However, the x86 backend, in a fit of awesome, relied on this. What it
would do is mark VSELECTs as expand, which would turn them into
arithmetic, which this would then match back into vector shuffles, which
we would then lower properly. Amazing.
Instead, the second change is to teach the x86 backend to directly form
vector shuffles from VSELECT nodes with constant conditions, and to mark
all of the vector types we support lowering blends as shuffles as custom
VSELECT lowering. We still mark the forms which actually support
variable blends as *legal* so that the custom lowering is bypassed, and
the legal lowering can even be used by the vector shuffle legalization
(yes, i know, this is confusing. but that's how the patterns are
written).
This makes the VSELECT lowering much more sensible, and in fact should
fix a bunch of bugs with it. However, as you'll see in the test cases,
right now what it does is point out the *hilarious* deficiency of the
new vector shuffle lowering when it comes to blends. Fortunately, my
very next patch fixes that. I can't submit it yet, because that patch,
somewhat obviously, forms the exact and/or pattern that the DAG combine
is matching here! Without this patch, teaching the vector shuffle
lowering to produce the right code infloops in the DAG combiner. With
this patch alone, we produce terrible code but at least lower through
the right paths. With both patches, all the regressions here should be
fixed, and a bunch of the improvements (like using 2 shufps with no
memory loads instead of 2 andps with memory loads and an orps) will
stay. Win!
There is one other change worth noting here. We had hilariously wrong
vectorization cost estimates for vselect because we fell through to the
code path that assumed all "expand" vector operations are scalarized.
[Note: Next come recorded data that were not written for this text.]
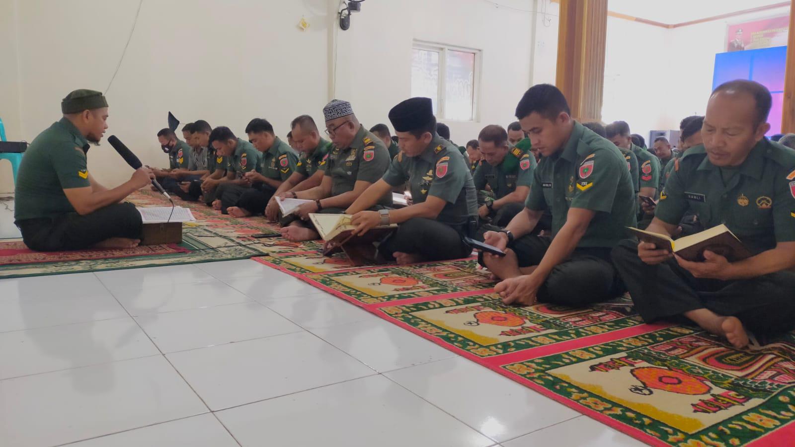 Sebelum mulai bekerja didahului dengan bersama-sama mengaji/ taddarus Al-Qur’an, dengan harapan prajurit dalam menjalankan tugas di wilayah berada dalam lindungan Allah SWT.
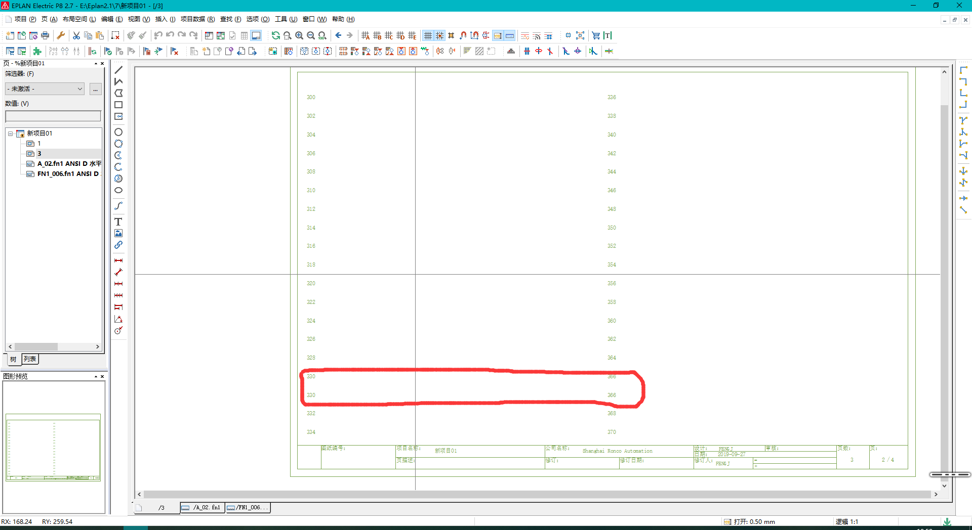 图框中,两列行号的倒数第三行第四行的行号数字是重复的(330重复一次,366重复一次),其他行都没有问题,这个图框行号为从300开始,只有双数,不是顺序递增的
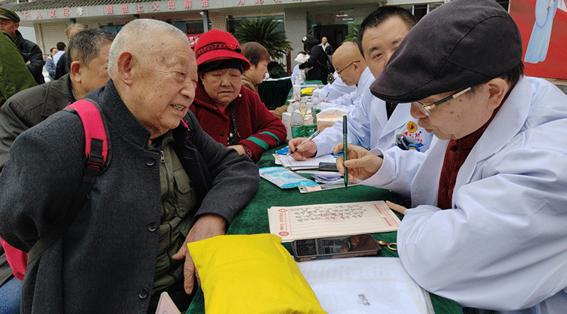 刘老早早的从重庆抵达了成都活动现场,为老兵关爱中心的退役军人和当地社区居民开始了繁忙的义诊。现场气氛热烈,大家积极参与,共同见证了一场医患之间的深情互动。
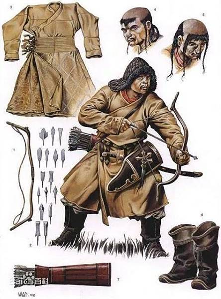 雖然蒙古弓騎手跟塞西亞弓騎手一樣穿土耳其(波斯)式長袍,但他們的長袍較樸實,沒有花巧的刺繡。
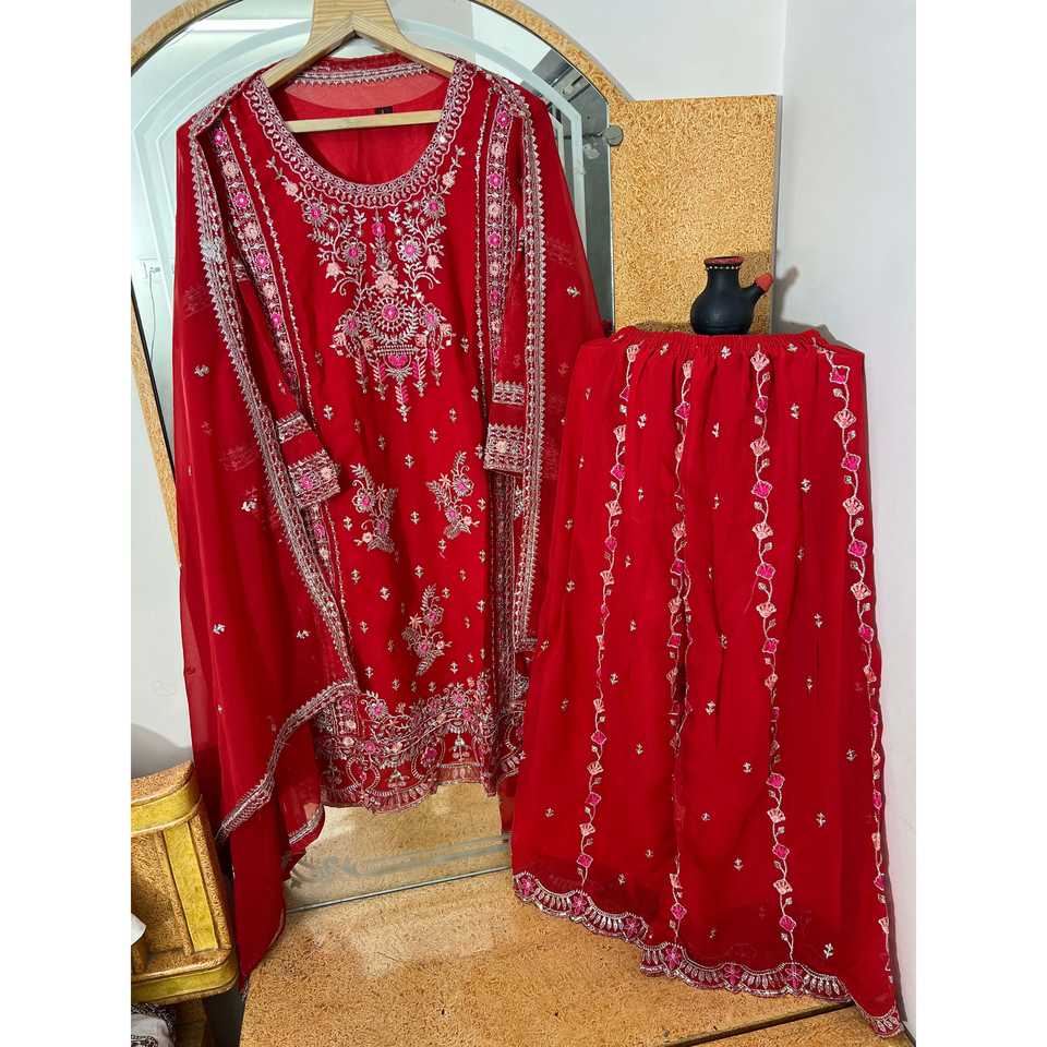Designer Women's Party Wear Top Bottom and Beautiful Dupatta Set
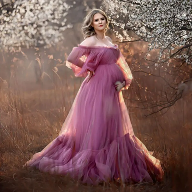 Платье для беременных из тюля, с открытыми плечами, длинными рукавами и оборками

However, the "expand" lowering of VSELECT is vector bit math, most
definitely not scalarized. So now we go back to the correct if horribly
naive cost of "1" for "not scalarized". If anyone wants to add actual
modeling of shuffle costs, that would be cool, but this seems an
improvement on its own. Note the removal of 16 and 32 "costs" for doing
a blend. Even in SSE2 we can blend in fewer than 16 instructions. ;] Of
course, we don't right now because of OMG bad code, but I'm going to fix
that. Next patch. I promise.
llvm-svn: 229835